= Exercise description =
From the first line to the last, please reproduce the material exactly, skipping the pictures.

= Collected material =
━━━━━━━━━━

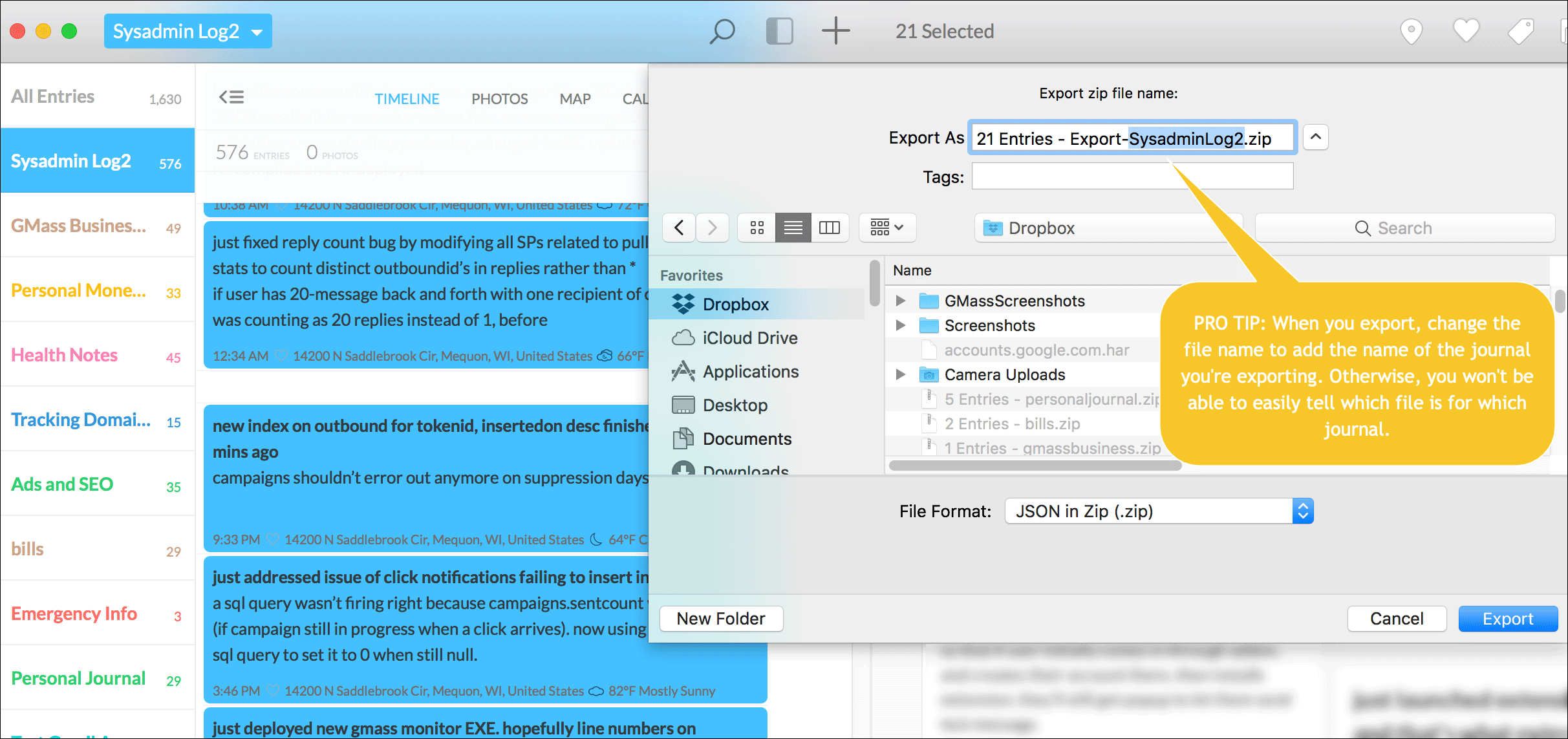 If you go to File –> Import/Export, that will export an entire journal. I wanted to export select entries, namely the ones after July 2018. Do don’t go to the File Menu. Instead, just highlight the entries you want to export (select them with CMD+A on Mac or CTRL+A on Windows), and then Right Click –> Export. This is detailed here in the official Day One support article on exporting. You’ll get a few export file options. I like JSON because I know it’ll preserve everything, and because I’m partial to JSON since that’s the format GMass uses to communicates with Gmail.
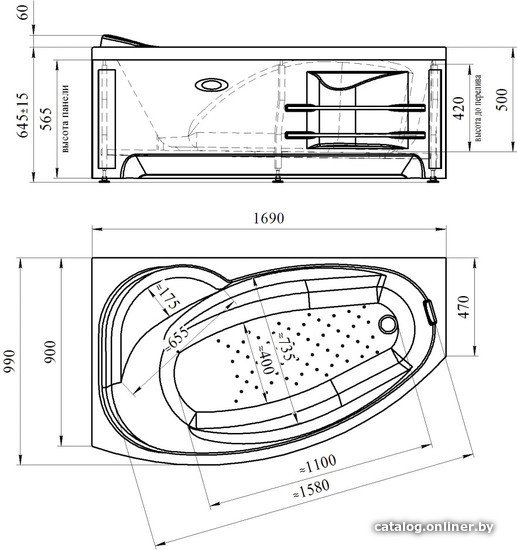 Экраны под ванну Vannesa София 169 R 2-21-0-2-0-223 (фронтальный)
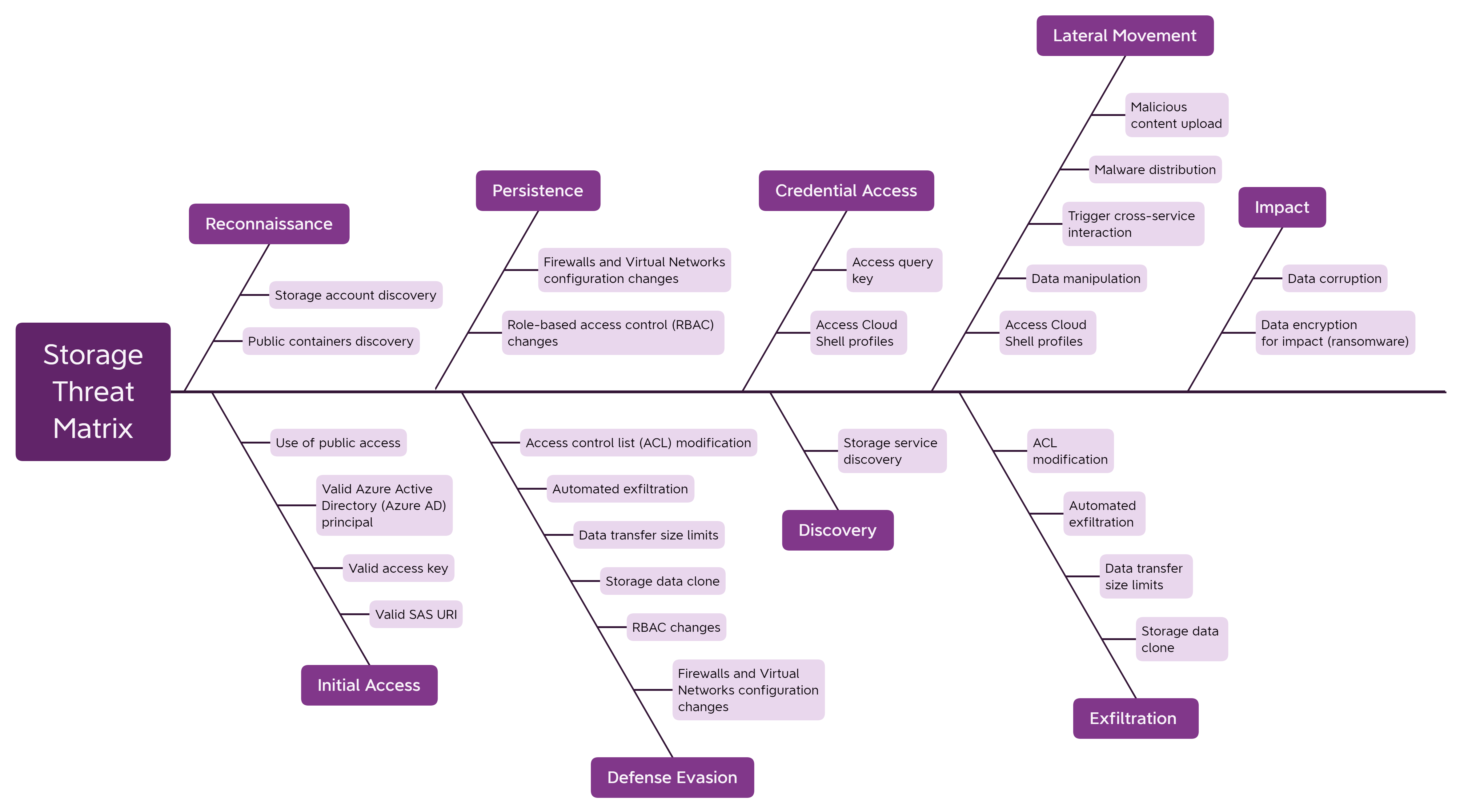 示意图显示 Microsoft 的云存储安全威胁矩阵。

━━━━━━━━━━

= Response area =
 If you go to File –> Import/Export, that will export an entire journal. I wanted to export select entries, namely the ones after July 2018. Do don’t go to the File Menu. Instead, just highlight the entries you want to export (select them with CMD+A on Mac or CTRL+A on Windows), and then Right Click –> Export. This is detailed here in the official Day One support article on exporting. You’ll get a few export file options. I like JSON because I know it’ll preserve everything, and because I’m partial to JSON since that’s the format GMass uses to communicates with Gmail.
 Экраны под ванну Vannesa София 169 R 2-21-0-2-0-223 (фронтальный)
 示意图显示 Microsoft 的云存储安全威胁矩阵。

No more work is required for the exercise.